We say a chain sampling this function has temperature $T$. For $T>1$, $p^{1/T}$ is smoothed out compared with $p$ (cf simulated annealing).
This allows chains to move among multiple peaks more easily.
Of course, we're only actually interested in $T=1$...

Parallel tempering

With parallel tempering, we run one chain with $T=1$ and several more chains with $T>1$. A modified Metropolis-Hastings update occasionally allows the chains to exchange positions, giving the $T=1$ chain a mechanism for sampling regions of parameter space it might otherwise have low probability of proposing. Samples from the $T=1$ chain can be used for inference.

Exercise: think

Recall the ugly PDF features we were motivated by, namely strong/nonlinear degeneracies and multiple modes. For each of the methods above, do you expect an improvement compared with standard Metropolis in these situations. Why and for which methods?

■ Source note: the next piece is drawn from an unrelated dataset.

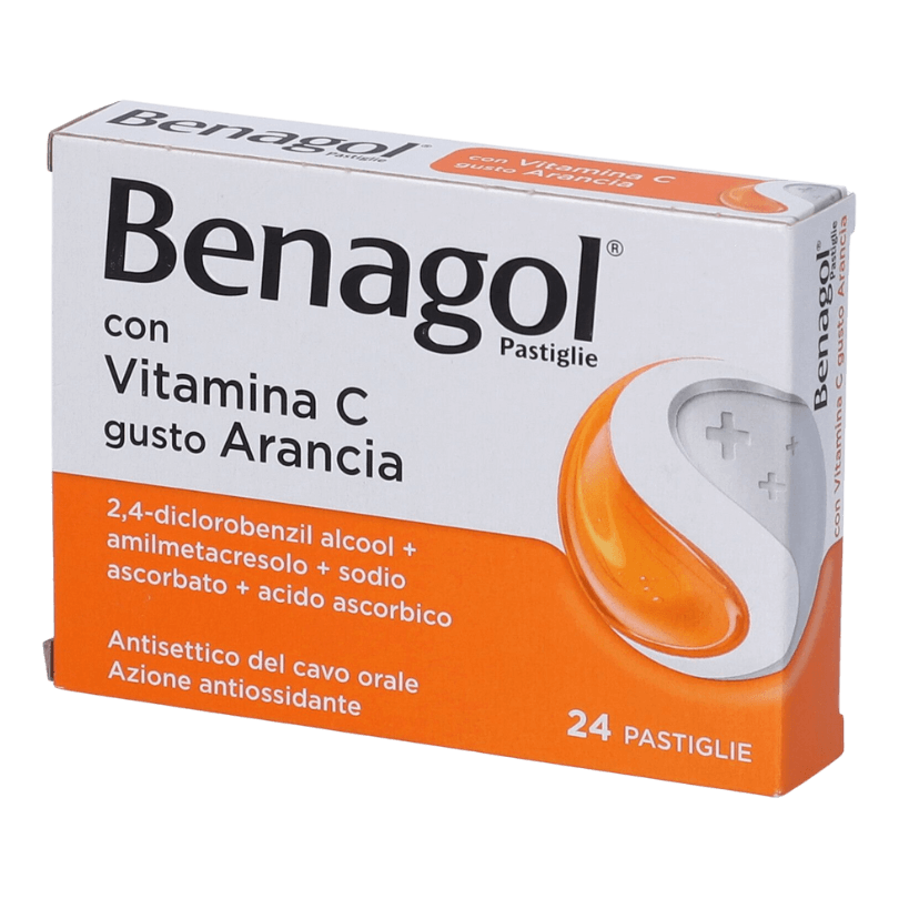 Benagol Pastiglie gusto Ginger e Spezie. Principi attivi: 2,4-diclorobenzil alcool 1,2 mg; amilmetacresolo 0,6 mg. Eccipienti con effetti noti: saccarosio liquido, glucosio liquido (contenente solfiti e amido di frumento), aroma spezie e aroma ginger (contenenti cinnamale, citrale, citronellolo, eugenolo, farnesolo, geraniolo, isoeugenolo e linalolo). Benagol Pastiglie gusto Miele e Limone. Principi attivi: 2,4-diclorobenzil alcool 1,2 mg; amilmetacresolo 0,6 mg. Eccipienti con effettinoti: glucosio liquido (contenente solfiti e amido di frumento), saccarosio liquido, menta essenza e limone essenza (contenenti citrale, d-limonene, geraniolo e linalolo), miele (zucchero invertito). Benagol Pastiglie gusto Limone Senza Zucchero. Principi attivi: 2,4-diclorobenzil alcool 1,2 mg; amilmetacresolo 0,6 mg. Eccipienti con effetti noti:maltitolo liquido, isomalto, aroma di limone (contenente alcol benzilico, citrale, citronellolo, d-limonene, geraniolo e linalolo). BenagolPastiglie gusto Fragola Senza Zucchero. Principi attivi: 2,4-diclorobenzil alcool 1,2 mg; amilmetacresolo 0,6 mg. Eccipienti con effetti noti: maltitolo liquido, isomalto, aroma di fragola (contenente propilene glicole e alcol benzilico). Benagol Pastiglie gusto Menta Fredda. Principi attivi: 2,4-diclorobenzil alcool 1,2 mg; amilmetacresolo 0,6 mg. Eccipienti con effetti noti: saccarosio liquido, glucosio liquido (contenente solfiti e amido di frumento), aroma menta e eucalipto essenza (contenenti glicole propilenico, alcol benzilico, alcol cinnamilico,citrale, citronellolo, d-limonene, eugenolo e linalolo). Benagol Pastiglie gusto Mentolo-Eucaliptolo. Principi attivi: 2,4-diclorobenzil alcool 1,2 mg; amilmetacresolo 0,6 mg; mentolo 8,0 mg. Eccipienti con effetti noti: saccarosio liquido, glucosio liquido (contenente solfiti eamido di frumento) e eucalipto essenza (contenente d-limonene). Benagol Pastiglie con Vitamina C gusto Arancia. Principi attivi: 2,4-diclorobenzil alcool 1,2 mg; amilmetacresolo 0,6 mg; sodio ascorbato 74,9 mg; acido ascorbico 33,5 mg. Eccipienti con effetti noti: saccarosio liquido, glucosio liquido (contenente solfiti e amido di frumento), aromadi arancia (contenente citrale, citronellolo, d-limonene, geraniolo,linalolo), glicole propilenico. Per l'elenco completo degli eccipienti, vedere paragrafo 6.1.

Coping with multiple modes

Multiple, well separated posterior modes are a serious challenge for many samplers.

In general, the only way to discover that they exist is by exploring the parameter space with many widely dispersed chains.
To do inference, our chains need to be able to efficiently transition between modes - so far the most reliable general method we've seen for this is parallel tempering. (We'll look at others later.)

Bonus numerical exercise: play

Play around with sampling these 4 difficult PDFs (coded below):

The Rosenbrock function (actually minus this; it's normally used for testing minimizers), illustrated above
The eggbox function, illustrated above
A spherical shell function
A Gaussian PDF (suitable for Gibbs sampling)

First, see how well simple Metropolis works, or doesn't work. Then choose one of the speed-ups above and modify/replace the sampler to use it on one or more of these PDFs. Compare performance (burn-in length, acceptance rate, etc.) with simple Metropolis. (Apart from PDF 4, chances are that nothing you do will work brilliantly, but you should see a difference!)

For Gibbs sampling, interpret PDF 4 as a likelihood function and put some thought into how you define your priors. Otherwise, just take the given PDF to be the posterior distribution.



In [ ]:

    
def Rosenbrock_lnP(x, y, a=1.0, b=100.0):
    if y < 0.0: return -np.inf
    return -( (a-x)**2 + b*(y-x**2)**2 )
def eggbox_lnP(x, y):
    return (2.0 + np.cos(0.5*x)*np.cos(0.5*y))**3
def sphshell_lnP(x, y, s=0.1):
    return -(np.sqrt(x**2+y**2) - 1)**2/(2.0*s**2)
gaussian_data = np.random.normal(size=(20)) # arbitrary data set
def gaussian_lnP(m, v):
    if v <= 0.0: return -np.inf
    return -0.5*np.sum((m-gaussian_data)^2)/v - 0.5*np.log(v)



In [ ]: